2.2.3.0 Windows Release Notes
These Release Notes are for FH Medic 2.2.3.0 on Windows (using NEMSIS 2.2), and provide a listing of the defects resolved and enhancements implemented during this release. This release covers changes made between FH Medic 2.2.2.8 and 2.2.3.0.
The following enhancements were implemented this release.
When you print a patient care report (PCR), now all fields that are filled out in FH Medic appear in the PCR, whether or not they are required.
.cml
files
The FH Medic Integration Suite can now process .cml
files in addition to the other file types it already supports.
The following issues were successfully resolved this release.
After updating to FH Medic 2.2.2.2, some departments experienced the following issues.
- Completed calls were uploaded as blank to the FH Medic administration web site.
- Incident number and quality assurance (QA) completion status in older calls were changed.
- Calls were slow in reaching the FH Medic administration web site, or did not reach it at all.
- Faxes were delayed or did not get sent.
On occasion, the Integration Suite for FH Medic stopped and had to be manually restarted for calls to be processed and sent to FH Medic. The necessary service is now automatically restarted periodically to avoid unexpected down time.
When trying to open or validate a PCR, a parsing error appeared.
FH Medic accepted dates of birth and incident dates in the future, and should not have.
The certification numbers for crew members were correct on the FH Medic administration web site, but were not correct when printed on the PCR.
When an incident was reviewed and sent back to the medic for changes, after the medic made the changes and resubmitted it, the incident did not move back to the FH Medic administration web site and become recorded as completed.

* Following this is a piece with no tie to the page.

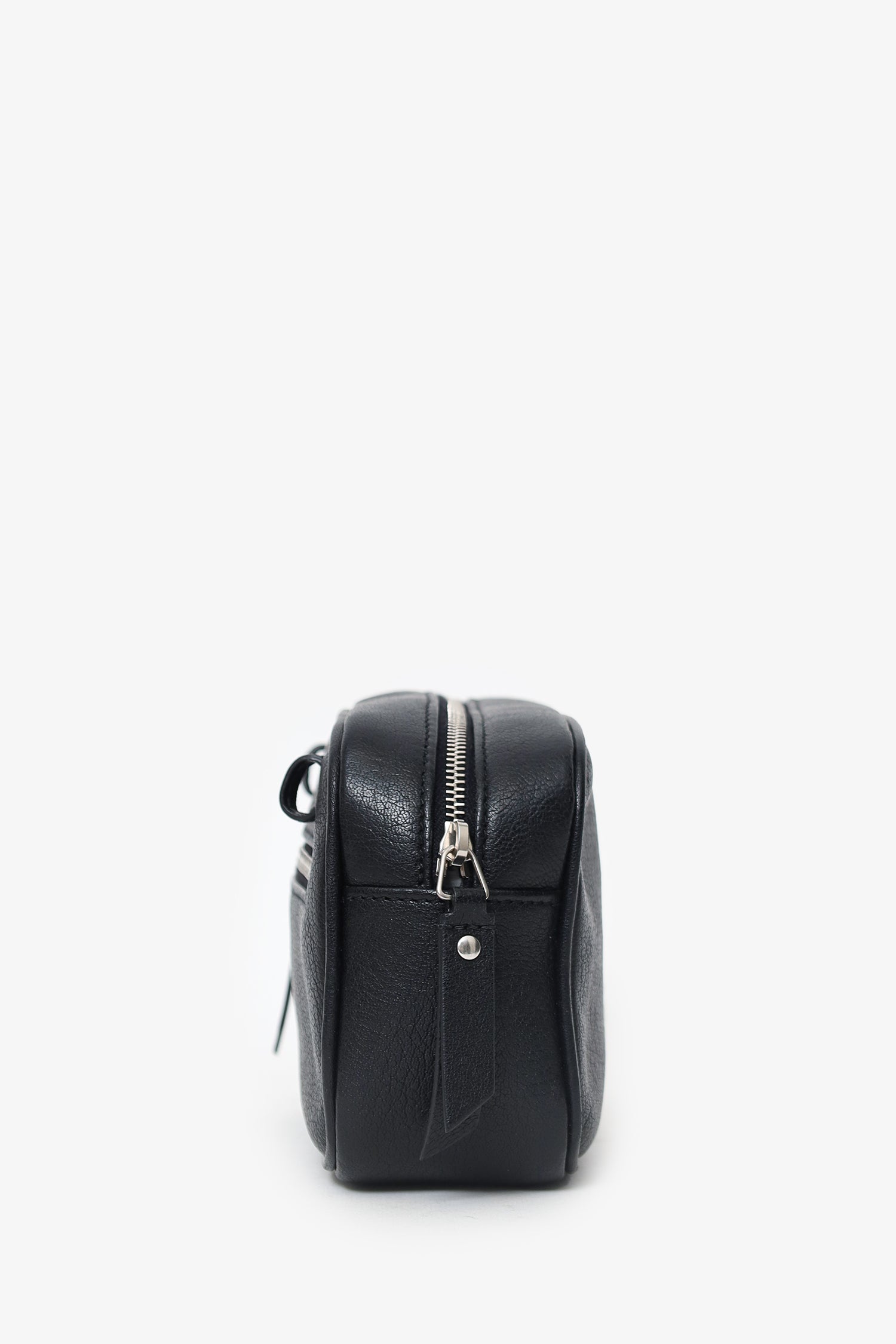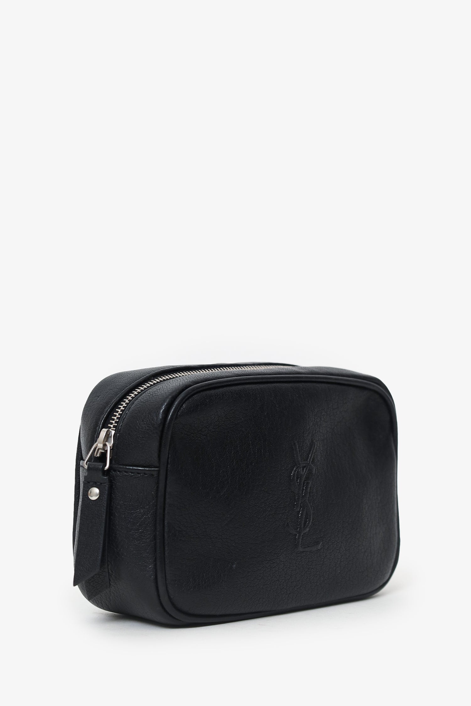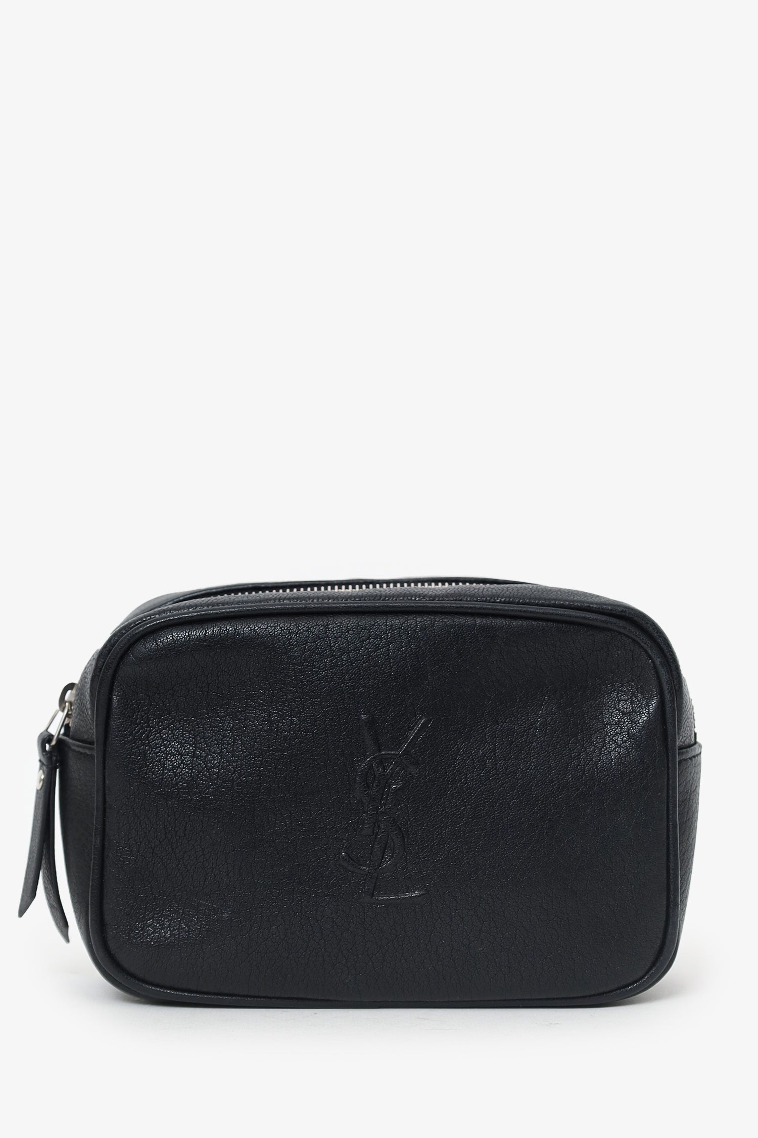Refresh availabilitySaint Laurent Black Lambskin Monogram Lou Belt Bag. Top zip closure. Removable belt with adjustable pull-through buckle closure. Single exterior rear zip pocket. Lined interior with 4 slip pockets. Removable tassel. Silver-tone hardware. Tonal stitching.

If you entered a social security number (SSN) on the Patient → Demographics tab, then went back to the field later and deleted the SSN number, when you validated the incident, the field was not highlighted with red text to indicate that it was required.
If you tried to view 4- or 12-lead data imported from a Zoll X-Series monitor, an error message stating that the Zoll case file could not be loaded appeared. If you tried to print the data, the expected prompts and printer selection options did not appear.
Some incidents from the CAD system were not completely processed before appearing in FH Medic.
Some incidents from the CAD system were processed, but not sent on to FH Medic as expected.
Files exported from FH Medic to the FH database did not always have values for unit times, aid given, incident type, action taken, or property use.
When an incoming CAD incident merged with an existing FH Medic incident, and you then filled in data for an incident and moved from tab to tab in FH Medic, if you went back to the Patient → Demographics tab, data for the patient's name, date of birth (DOB), race, and sex may have changed. After validation, the text in the narrative sometimes switched with another incident's narrative.
If you removed unused vitals items from the PCR, not enough space was left between the remaining vitals items, and they were run together.
On the PCR, the Treatments and Protocols headings appeared on the right side of their sections, and should have appeared on the left side.
If a patient's last name contained a single quote, when the incident was put into the QA review cycle, the incident did not appear on the mobile computer that created the PCR, or under the unit/crew that created the incident.
For Ohio departments, a number of items failed validation and cross-checking that should have passed, or which should have been required. The following items have been adjusted in FH Medic.
- Two crew members are now required before the crew dialog box can close.
- The patient's home zip code must be at least five characters long.
- For some customers, a cap value now exists for the diastolic blood pressure value.
- Incident numbers cannot contain letters.
- The incident address must be at least three characters long.
- Gender is required if patient contact is made.
- The number of procedure attempts is now required.
- Conditional required input now exists for MVC.
- FIPS codes must be unique to each customer.
- Destination codes for all hospitals must be set correctly for all customers.
- The incident zip code now validates during export.
FH Medic assigned the incorrect date for an incident if it was created on a date later than the date of service value entered for the incident.
Example: If you created an incident in FH Medic on 05/12/2016 for an event on 05/11/2016, the incident was time stamped as 05/12/2016, even though it printed 05/11/2016 correctly on the PCR. The incident also appeared on the FH Medic administration web site as 05/12/2016, but the PCR listed 05/11/2016.
The FH Medic Integration Suite did not remove alphabetic characters from incident numbers as expected.